Exercise 02 solutions
🔹 must know, 🔸 ideally should know, ⛑ challenging, 🔫 very challenging
Exercise from Rasmus’ note
🔸 Exercise 1
Exercise 1. Find \(A\) and \(\mathbf{b}\) such that the system of equations below can be represented as \(A \mathbf{x}=\mathbf{b}\), compute the inverse of \(A\) and use it to find the solution.
\[\begin{array}{r} x+y+z=1 \\ 3 x+5 y+4 z=2 \\ 3 x+6 y+5 z=3 \end{array}\]Solution (based on Rasmus’ solution)

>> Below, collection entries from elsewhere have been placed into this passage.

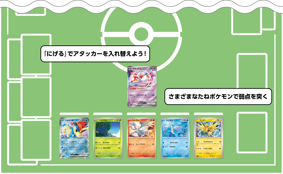 さまざまなタイプのたねポケモンが入っているこのデッキとラティアスexの特性「スカイライン」は相性バッチリ。相手のポケモンに合わせて、弱点をつくことができるポケモンで戦おう。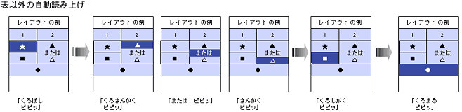 - テーブル内のセルは、基本的に「左→右」の順で読み上げ、その後、次の行を同様に「左→右」で読み上げます。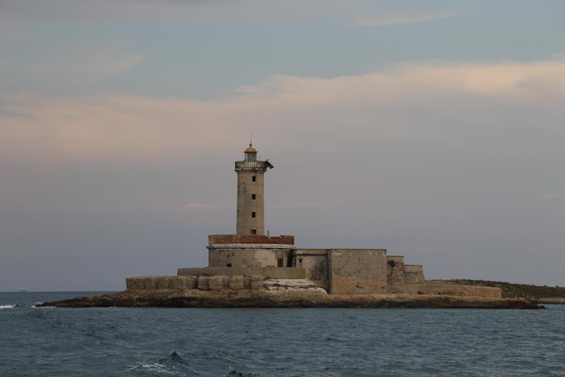Near the entrance to the Port of Brindisi is Isloa Taversa, the small island which is part of the Pedagne Islands. It has a lighthouse which is 18 m high with a range of 13 nautical miles and was built in the mid 1800’s
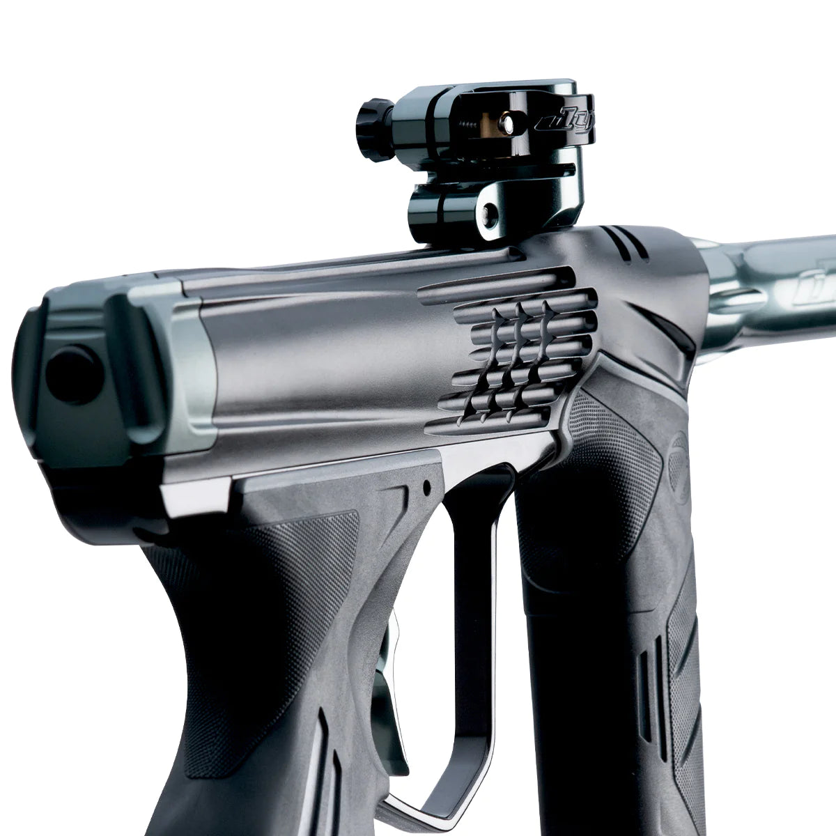 • DYE's patented Eye Pipe System moves into its 4th generation of refinement with updated breech geometry and independent detents designed to accommodate a wide range of paint sizes including extremely small paint. There are many important features of the Eye Pipe System. It shields the anti-chop eye system from dirt and broken paint. The thick durable polycarbonate pipe is wiped clean by the bolt tip o-ring on every cycle creating a self-cleaning operation that ensures the eyes are always monitoring the breech. Your marker stays protected from harsh environments eliminating permanent performance hindering breech wear. The new shape of the independent leaf spring detents are integrated into the Eye Pipe preventing double feeds and chopped paint, all while eliminating the need for bulky exterior eye plates.

Let’s start by finding \(A\) and \(b\). Since the system is already in the nicely organized form, i.e. variables on the left side and constants on the right, we can simply rewrite the left side to the matrix form (\(A\)):
\[\begin{aligned} A = {\left[\begin{array}{ccc} 1 & 1 & 1 \\ 3 & 5 & 4 \\ 3 & 6 & 5 \end{array}\right]} \end{aligned}\]And similarly for \(b\):
\[b = \begin{aligned} {\left[\begin{array}{c} 1 \\ 2 \\ 3 \end{array}\right]} \end{aligned}\]Just for the sake of completness, \(x\) is:
\[x = \begin{aligned} {\left[\begin{array}{c} x \\ y \\ z \end{array}\right]} \end{aligned}\]So now we have have:
\[\begin{aligned} Ax = b \end{aligned}\]Since we are interested in \(x\), we separate on the left side using inverse of \(A\):
\[\begin{aligned} A^{-1}Ax = A^{-1}b \\ Ix = A^{-1}b \\ x = A^{-1}b \end{aligned}\]So now the only thing left is to find \(A^{-1}\) which can be done through Gaus-Jordan elimination. I will just use python (if you have done it in latex
, you can share it with me and I will put it instead of the python - of course with big thanks to you!):
from numpy.linalg import inv
A = np.array([[1., 1., 1.], [3., 5., 4.], [3., 6., 5.]])
inv(A)
Python gives me the following result:
\[\begin{aligned} A^{-1} = {\left[\begin{array}{ccc} 1 & 1 & -1 \\ -3 & 2 & -1 \\ 3 & -3 & 2 \end{array}\right]} \end{aligned}\]Now, it is just simple matrix multiplication:
\[\begin{aligned} x = 1 \times 1 + 1\times 2 -1\times 3 = 0 \\ y = -3 \times 1 + 2\times 2 -1\times 3 = -2 \\ z = 3 \times 1 -3\times 2 + 2\times 3 = 3 \\ \end{aligned}\]Therefore, the result is:
\[x = \begin{aligned} {\left[\begin{array}{c} 0 \\ -2 \\ 3 \end{array}\right]} \end{aligned}\]This is yet another way how you can solve system of linear equations, but bit more complicated. Therefore, if you are solving the system by hand, just use Gauss Jordan elimination
as discussed last lecture.
🔸 Exercise 2
Exercise 2. For each of the matrices
\[A=\left[\begin{array}{ll} 1 & 0 \\ 0 & 0 \end{array}\right] \quad B=\left[\begin{array}{cc} 1 & 0 \\ 0 & -1 \end{array}\right] \quad C=\left[\begin{array}{cc} 0 & -1 \\ 1 & 0 \end{array}\right]\]consider the maps \(f: \mathbb{R}^2 \rightarrow \mathbb{R}^2\) defined as
\[f(x, y)=A\left[\begin{array}{l} x \\ y \end{array}\right] \quad g(x, y)=B\left[\begin{array}{l} x \\ y \end{array}\right] \quad h(x, y)=C\left[\begin{array}{l} x \\ y \end{array}\right]\](and similarly for \(B\) and \(C\)). Apply the function to a few different vectors in \(\mathbb{R}^2\) and draw the result. What do \(f, g\) and \(h\) do? You should recognise these as basic geometric operations.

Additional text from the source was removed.